» WHAT YOU WILL DO:
Starting at the line that contains "Relax with the" in the listing below, write out every line word for word until you have written the line that contains "請她立刻去抽血進行中晚期子癇前症檢測(sFlt1/PlGF)".

» INFORMATION SHOWN:
......
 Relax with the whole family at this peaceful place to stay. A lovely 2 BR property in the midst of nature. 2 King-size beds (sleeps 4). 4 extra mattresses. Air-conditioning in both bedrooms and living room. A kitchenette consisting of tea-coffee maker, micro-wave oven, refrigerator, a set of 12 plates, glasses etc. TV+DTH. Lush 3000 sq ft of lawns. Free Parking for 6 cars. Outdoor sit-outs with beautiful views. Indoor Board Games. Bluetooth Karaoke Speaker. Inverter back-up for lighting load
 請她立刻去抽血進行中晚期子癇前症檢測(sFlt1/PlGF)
......
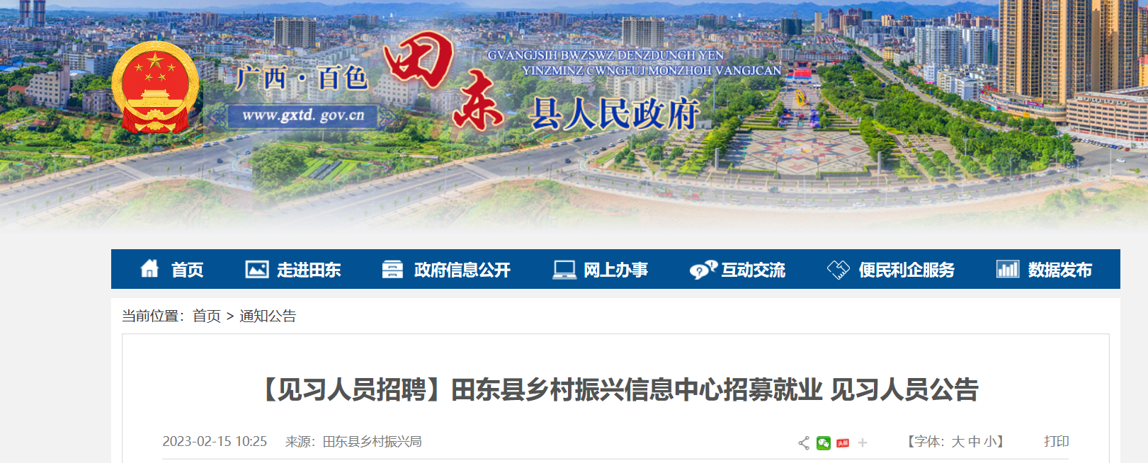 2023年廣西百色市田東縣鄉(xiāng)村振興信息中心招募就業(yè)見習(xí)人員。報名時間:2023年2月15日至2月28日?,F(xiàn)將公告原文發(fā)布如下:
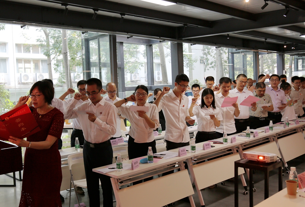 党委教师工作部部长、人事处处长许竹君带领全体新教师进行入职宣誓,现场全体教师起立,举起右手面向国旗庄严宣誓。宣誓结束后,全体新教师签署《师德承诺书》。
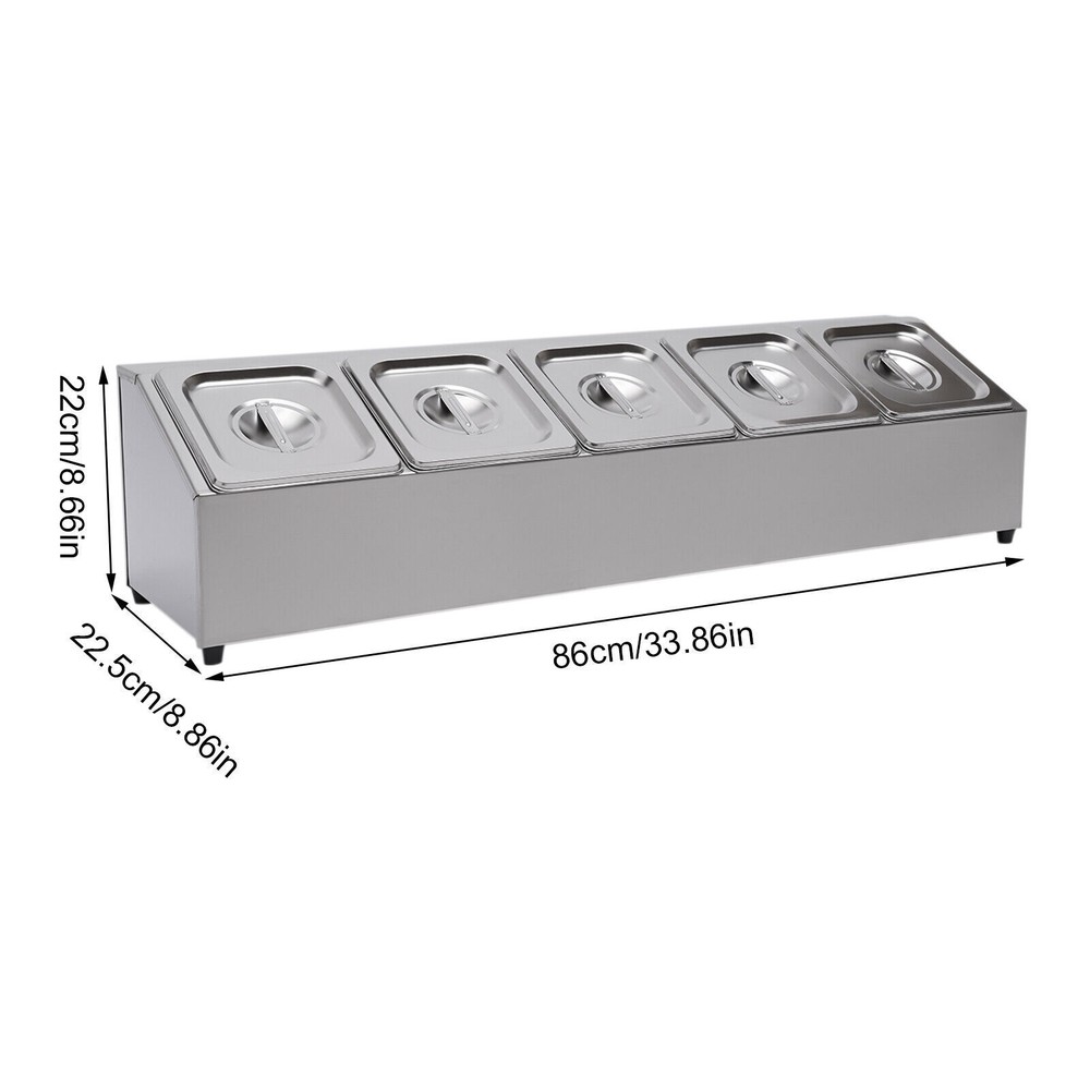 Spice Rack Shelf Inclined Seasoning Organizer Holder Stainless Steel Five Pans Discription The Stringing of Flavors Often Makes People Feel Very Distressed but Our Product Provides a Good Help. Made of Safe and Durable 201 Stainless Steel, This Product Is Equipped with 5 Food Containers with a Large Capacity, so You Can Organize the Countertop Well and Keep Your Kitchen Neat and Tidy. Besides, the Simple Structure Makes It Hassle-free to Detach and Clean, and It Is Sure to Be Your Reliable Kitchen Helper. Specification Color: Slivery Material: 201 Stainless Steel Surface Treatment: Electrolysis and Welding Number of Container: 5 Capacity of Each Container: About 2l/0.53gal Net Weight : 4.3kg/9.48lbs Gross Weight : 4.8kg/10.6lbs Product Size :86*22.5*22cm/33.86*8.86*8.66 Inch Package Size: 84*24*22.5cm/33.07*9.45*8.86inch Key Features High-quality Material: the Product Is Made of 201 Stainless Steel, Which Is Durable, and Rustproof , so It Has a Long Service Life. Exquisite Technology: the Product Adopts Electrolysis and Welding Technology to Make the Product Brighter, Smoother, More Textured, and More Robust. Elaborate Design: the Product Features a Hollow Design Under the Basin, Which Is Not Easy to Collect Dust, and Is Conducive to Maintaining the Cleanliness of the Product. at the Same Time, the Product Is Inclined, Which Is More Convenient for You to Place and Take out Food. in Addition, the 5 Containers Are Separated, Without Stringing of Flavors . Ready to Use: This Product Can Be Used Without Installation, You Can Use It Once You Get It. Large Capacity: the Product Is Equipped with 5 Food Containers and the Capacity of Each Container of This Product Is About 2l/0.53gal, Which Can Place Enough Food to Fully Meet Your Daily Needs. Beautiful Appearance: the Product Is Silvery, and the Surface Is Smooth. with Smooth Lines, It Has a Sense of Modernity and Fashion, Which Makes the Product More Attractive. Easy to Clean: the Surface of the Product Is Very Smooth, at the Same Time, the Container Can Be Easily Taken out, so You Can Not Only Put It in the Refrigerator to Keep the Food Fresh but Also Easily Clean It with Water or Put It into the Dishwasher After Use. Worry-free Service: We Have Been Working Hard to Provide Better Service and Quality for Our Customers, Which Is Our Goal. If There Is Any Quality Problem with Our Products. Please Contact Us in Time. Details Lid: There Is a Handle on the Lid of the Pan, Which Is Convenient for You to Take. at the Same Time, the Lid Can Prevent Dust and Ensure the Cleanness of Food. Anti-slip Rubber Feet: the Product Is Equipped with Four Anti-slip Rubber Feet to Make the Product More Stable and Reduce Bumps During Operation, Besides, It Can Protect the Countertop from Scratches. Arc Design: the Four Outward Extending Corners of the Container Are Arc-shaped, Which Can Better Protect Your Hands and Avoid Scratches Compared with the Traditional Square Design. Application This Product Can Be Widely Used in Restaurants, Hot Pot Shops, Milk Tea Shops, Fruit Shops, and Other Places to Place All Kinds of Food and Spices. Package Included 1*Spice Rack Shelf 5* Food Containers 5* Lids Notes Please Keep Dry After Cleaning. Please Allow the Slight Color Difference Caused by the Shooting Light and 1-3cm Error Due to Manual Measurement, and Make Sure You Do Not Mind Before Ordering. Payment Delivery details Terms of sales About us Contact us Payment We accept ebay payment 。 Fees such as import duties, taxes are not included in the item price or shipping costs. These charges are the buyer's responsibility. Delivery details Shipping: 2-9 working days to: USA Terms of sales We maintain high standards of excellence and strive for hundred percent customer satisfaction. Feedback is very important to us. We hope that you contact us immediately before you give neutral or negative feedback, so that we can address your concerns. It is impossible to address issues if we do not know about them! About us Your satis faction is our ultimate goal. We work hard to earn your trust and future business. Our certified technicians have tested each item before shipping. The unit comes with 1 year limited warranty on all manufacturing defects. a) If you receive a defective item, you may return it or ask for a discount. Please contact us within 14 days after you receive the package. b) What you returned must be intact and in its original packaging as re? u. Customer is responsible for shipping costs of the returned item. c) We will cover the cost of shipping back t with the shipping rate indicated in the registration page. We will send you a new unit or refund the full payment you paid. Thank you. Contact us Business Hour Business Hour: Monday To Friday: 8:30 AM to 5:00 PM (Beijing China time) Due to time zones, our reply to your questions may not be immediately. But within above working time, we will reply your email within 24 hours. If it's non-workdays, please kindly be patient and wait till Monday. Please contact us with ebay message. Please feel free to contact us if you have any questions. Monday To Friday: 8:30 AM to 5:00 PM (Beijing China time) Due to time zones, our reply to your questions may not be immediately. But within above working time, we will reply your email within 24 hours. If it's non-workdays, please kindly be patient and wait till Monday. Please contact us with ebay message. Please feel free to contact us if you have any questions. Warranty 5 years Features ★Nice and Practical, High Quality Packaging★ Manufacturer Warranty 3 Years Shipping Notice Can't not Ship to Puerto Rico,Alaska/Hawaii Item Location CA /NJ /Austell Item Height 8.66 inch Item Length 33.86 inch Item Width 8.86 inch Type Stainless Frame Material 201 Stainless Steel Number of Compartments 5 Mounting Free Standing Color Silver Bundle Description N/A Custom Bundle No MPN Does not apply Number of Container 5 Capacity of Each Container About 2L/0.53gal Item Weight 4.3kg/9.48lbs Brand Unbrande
......
» THE COMPLETED TASK:
 Relax with the whole family at this peaceful place to stay. A lovely 2 BR property in the midst of nature. 2 King-size beds (sleeps 4). 4 extra mattresses. Air-conditioning in both bedrooms and living room. A kitchenette consisting of tea-coffee maker, micro-wave oven, refrigerator, a set of 12 plates, glasses etc. TV+DTH. Lush 3000 sq ft of lawns. Free Parking for 6 cars. Outdoor sit-outs with beautiful views. Indoor Board Games. Bluetooth Karaoke Speaker. Inverter back-up for lighting load
 請她立刻去抽血進行中晚期子癇前症檢測(sFlt1/PlGF)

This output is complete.